The xylem vulnerability to embolism indicates the risk of loss of water transport during drought. Vulnerability is expressed as the percentage of the water-saturated xylem conductance that is lost at given stem-water potentials. The water stream in the conduits is under tension, which can in some cases become as high as 100 times the atmospheric pressure. Any air entry into a water-conducting element will dissipate the tension in it and quickly expand (becoming an air embolism), effectively blocking water flow through that element. The more such emboli develop, the greater the loss of xylem conductance. The ability of a species to tolerate highly negative water potentials (= high tensions) without embolising varies greatly among species (cf. Section 3.15) and is an important aspect of drought tolerance.
What and how to collect
Follow the above instructions for collecting for measurement of xylem conductivity.
Vulnerability to embolism is quantified by constructing a xylem vulnerability curve. This consists of plotting measured values of xylem conductance, on the y-axis, against the values of stem water potential (Ψ), on the x-axis, at which these conductance values (represented as a percentage of the maximum water-saturated conductance) were obtained. The shape of this curve is usually sigmoid. To characterise this curve by one number, the value of Ψ at its mid-point (50% loss of conductance) is commonly used.
Stem segments with different Ψ values can be obtained by any of three possible methods.
(1) Evaporative dehydration. A large branch that includes some lateral secondary branches is cut from the plant and kept unwrapped during the day, or longer, for its xylem to partially dehydrate, and develop tension as a result of transpiration from its leaves. Ψ is determined periodically, by the pressure chamber method (cf. Section 3.15), on secondary branches that are removed at intervals for this purpose. When a target Ψ has been reached, conductance of a segment of the main axis near the last-removed lateral is measured. Water is then flushed through this segment briefly under a pressure high enough to displace all air embolisms from it (see cited references), and its conductance is re-measured to obtain the maximum conductance of the segment. This affords a value for the percentage loss of conductance at that particular Ψ. Separate branches are similarly tested to obtain conductance-loss values for other values of Ψ.

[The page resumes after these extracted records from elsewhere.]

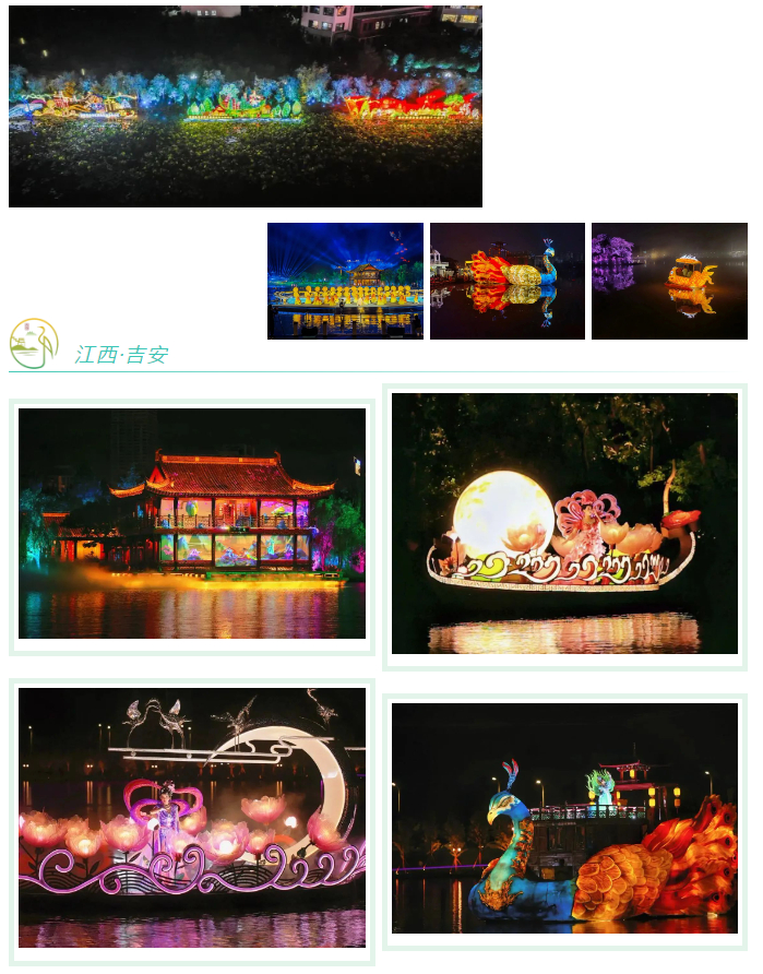 6月13日至15日,2022年江西省旅游產(chǎn)業(yè)發(fā)展大會在吉安市舉辦。自貢燈貿(mào)集團(tuán)匠心呈現(xiàn)的““后河 · 夢回廬陵””彩燈藝術(shù)盛宴,在廬陵山水間華美鋪陳,流光溢彩。彩燈用“光”解構(gòu)時間,用“影”重塑空間,演繹廬陵厚重的文化、進(jìn)取的精神,開放的胸懷,展現(xiàn)現(xiàn)代吉安奮力建設(shè)革命老區(qū)高質(zhì)量發(fā)展先行區(qū)、全省共富共享美好生活實踐區(qū)、全國紅色基因傳承示范區(qū)的豐碩成果。
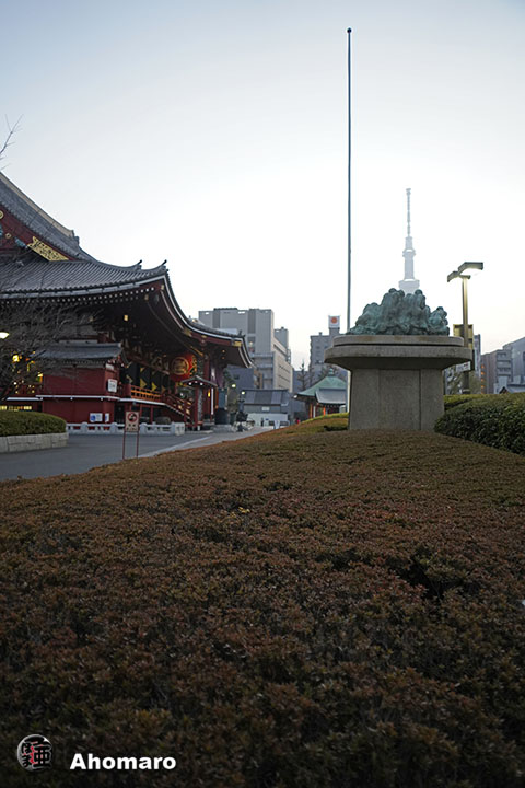 今朝の日の出:午前6時50分。雷門前:5時00分。
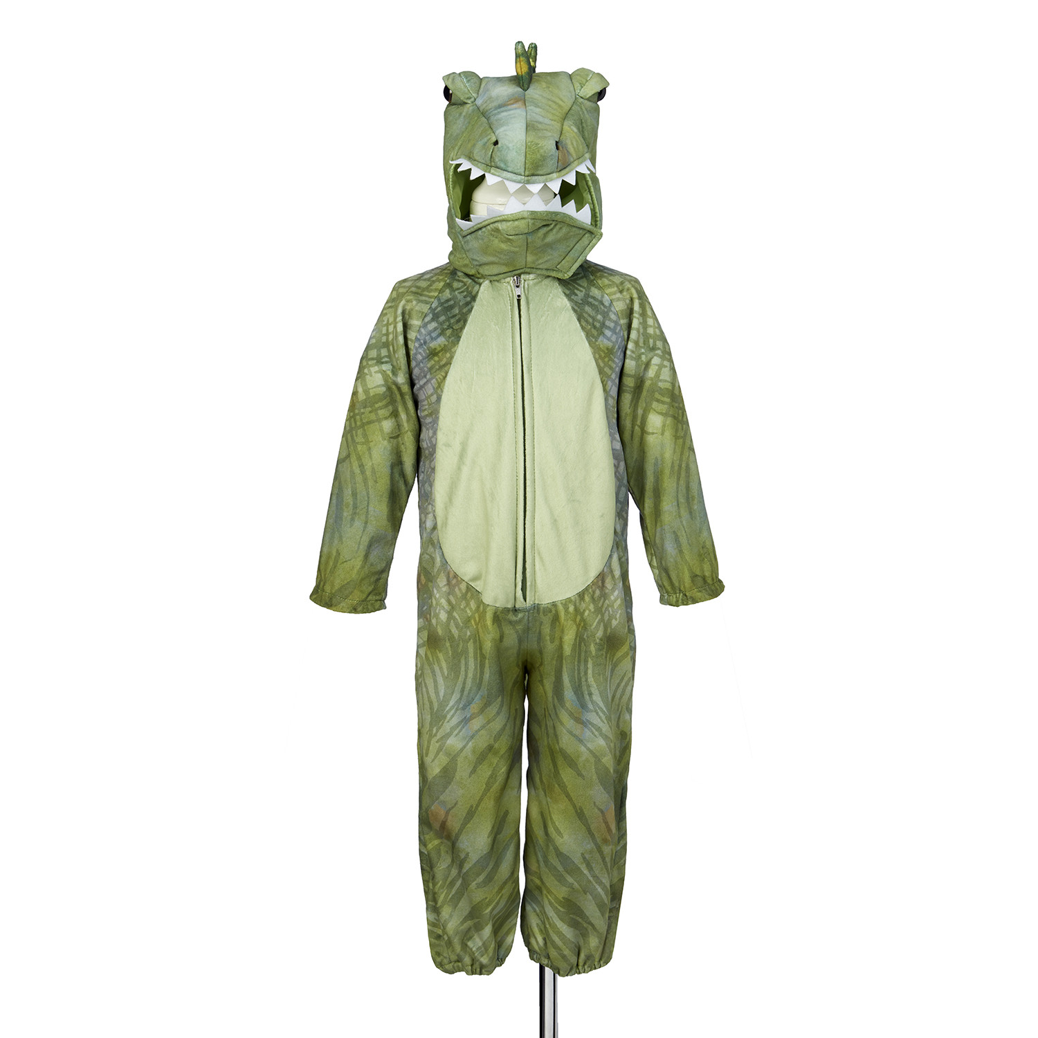 Krásný kostým pro malého dobrodruha. V tomhle kostýmu se každý kluk promění ve skutečného T-rexe! Overal je pohodlný, měkoučký a navržený tak, aby z něj děti měly radost a cítily se v něm dobře. Kostým má kapuci s dinosauří hlavou, která každého zaujme. Nechybí výrazné oči, zadní část doplňuje velký plazí ocas. Celý overal je potištěný tak, aby připomínal opravdovou dinosauří kůži se spoustu barev a detailů.

(2) Centrifugation. Attaching a short stem segment horizontally (and symmetrically) across the top of a centrifuge rotor and spinning it generates tension in the water within the xylem conduits. From the centrifugal force that was applied, a corresponding (negative) Ψ or P can be inferred. Advantages of the method are that stem segments can be brought to different effective water potentials very quickly. However, the technique is difficult for stem segments longer than ~20 cm, or ones that cannot be reliably attached to an available rotor, and it cannot be used for segments longer than the width of the rotor chamber. Details needed for actually employing this method are given in some of the cited references.

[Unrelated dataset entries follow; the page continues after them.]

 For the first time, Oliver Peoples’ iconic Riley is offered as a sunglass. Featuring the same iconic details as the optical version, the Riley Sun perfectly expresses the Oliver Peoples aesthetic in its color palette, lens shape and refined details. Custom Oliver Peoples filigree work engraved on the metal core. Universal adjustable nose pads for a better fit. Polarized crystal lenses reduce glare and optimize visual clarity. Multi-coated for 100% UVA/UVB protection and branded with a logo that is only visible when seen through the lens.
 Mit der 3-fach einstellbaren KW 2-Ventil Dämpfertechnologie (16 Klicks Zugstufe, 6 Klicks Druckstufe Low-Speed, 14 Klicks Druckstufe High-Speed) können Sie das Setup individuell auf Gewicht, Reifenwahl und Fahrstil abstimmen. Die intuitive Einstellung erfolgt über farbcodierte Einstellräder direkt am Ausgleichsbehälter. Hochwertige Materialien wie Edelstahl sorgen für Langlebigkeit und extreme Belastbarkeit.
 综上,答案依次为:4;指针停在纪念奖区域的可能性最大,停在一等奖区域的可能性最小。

(3) Air injection. This simple method is based on the principle of substituting internal tension by external positive air pressure, which is applied to a stem segment that is located within a pressure chamber. The procedure uses a special pressure chamber designed for a stem segment to pass completely through it, allowing a conductance measurement while the external pressure is applied. This type of chamber is commercially available from the PMS Instrument Co., Albany, Oregon, USA (http://pmsinstrument.com).
References on theory, significance and large datasets: Tyree and Sperry (1989); Davis et al. (2002); Brodribb et al. (2003); Maherali et al. (2004); Holbrook and Zwieniecki (2005); Choat et al. (2007); Feild and Balun (2008); Sperry et al. (2008a).
References on methods: Cochard et al. (1992); Sperry et al. (1988, 2008b); Alder et al. (1997); Pammenter and Vander Willigen (1998).